We were ushered to a waiting room off to the side of the lobby and told to wait for Sue, the nurse that we’d been dealing with the day before. Finally another nurse arrived and told us that Sue was busy and we’d just have to come back tomorrow. Of course that didn’t fly over really well, we wanted to take him home now, which we promptly told her. Finally another doctor came out and told us that they would be doing a CAT scan and some blood work on Monday and that the doctors didn’t feel he was safe to leave the hospital yet. We asked them why the scan and blood work hadn’t been done yet and they just brushed us off and said it was so hard to get things done on Sunday, but really what it meant is that they’d lied to us on Saturday and had no intention of letting us take him home on Sunday. We explained the urgency of the situation and she said it was just too bad if he lost his job and we could call tomorrow to find out if he could come home. So really, what was the point of him signing the voluntary committal form if they could forcibly keep him there anyways? We then asked if we could go back in and say goodbye to him, but they announced that visiting hours were over and it just wasn’t possible and proceeded to usher us out of the building. When outside we looked at the clock and it wasn’t time for visiting hours to end, but they wouldn’t let us back in. We had been completely railroaded by the employees. With no other options we drove home, all three of us very worried about what he’d do when he found out he wouldn’t be going home with us, and if he lost his job.
On the way home we stopped off at the church to see Bishop Matheson. My mother had called him on Saturday to find out if he’d be able to give her and my father a blessing and he’d told her that he could do it on Sunday. We went in there and had a wonderful discussion with him about what had happened and he gave both my mother and I a blessing to help us stay strong and get through this. I hadn’t had a blessing in quite awhile and it felt like just what was needed.
Monday morning my mother had to run my brother back to UCLA to get some paperwork that had to be turned in for his friend’s dissertation that he was helping to file. Apparently his friend is off in Mexico doing some research and doesn’t have the time to do it himself. Doesn’t matter, but what does matter is that on the way there my dad called my mother and said that he was free to go home later that day. So after my brother had finished with his business they ran off to Ventura for the third day in a row to pick up my father. I wasn’t with them this time, but according to my mother there were times on the drive home that she thought she ought to turn the car around and take him back to the hospital. He had even gone so far as to blame his two extra days in they’re on her. From the way we see it, they were going to keep him two extra days whether we’d gone along with it or not.

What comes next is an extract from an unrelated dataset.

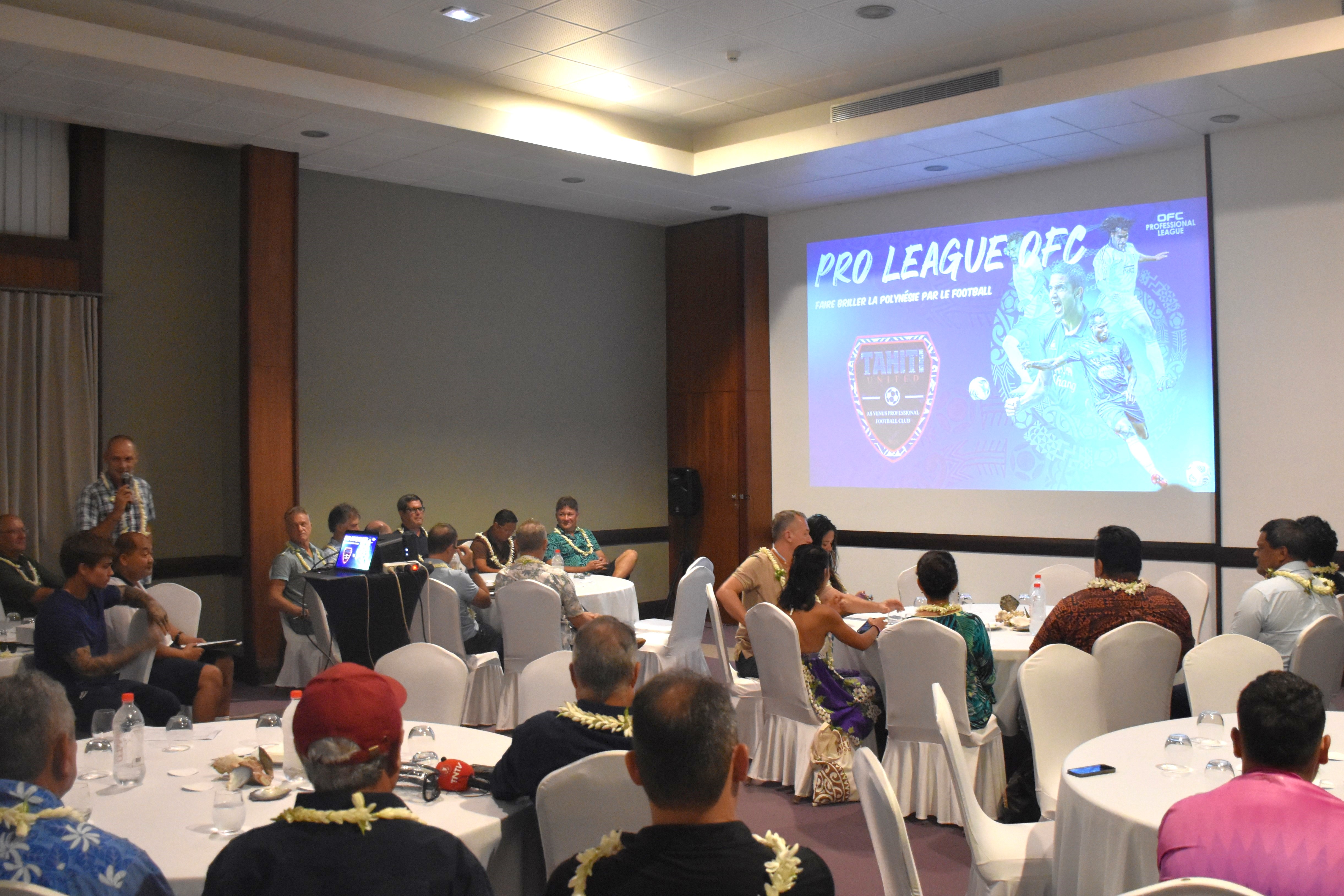 Tahiti, le 12 mars 2025 - Tahiti United. C’est le nom de l’équipe qui représentera toute la Polynésie pour la Pro League, la nouvelle compétition lancée par l’Oceania Football Confederation (OFC). Porté à bout de bras par le club de l’AS Vénus, le projet, déjà bien structuré, a été présenté mercredi soir au Tahiti by Pearl Resorts devant les partenaires publics et privés. Tous sont conscients que cette équipe doit voir le jour pour le bien-être du sport en Polynésie. Il ne reste maintenant que quelques semaines pour finaliser le projet, et chacun doit s’activer pour qu’il soit prêt à temps. Le compte à rebours est lancé.

Fortunately Monday was also very good news on the transportation front. The auto shop called and announced that my mother’s car was finally completed and that we could go down and pick it up before 5pm. Unfortunately they didn’t get home until after 6pm, but as soon as my dad’s paycheck is deposited they’re going to pay for it and drive it home. Yay! No more rental cars.
As of right now, my parents are in Thousand Oaks, picking up my dad’s paycheck, making sure he has a job, and running any other errands that they can today. We’re just trying to get this over and done with as quickly as possible. As soon as my dad can drive himself to work again and my car gets fixed I can move on with my own affairs, like getting myself a job. We can only hope that we’ll be able to move beyond this and that my dad will accept and admit what he did to get himself committed.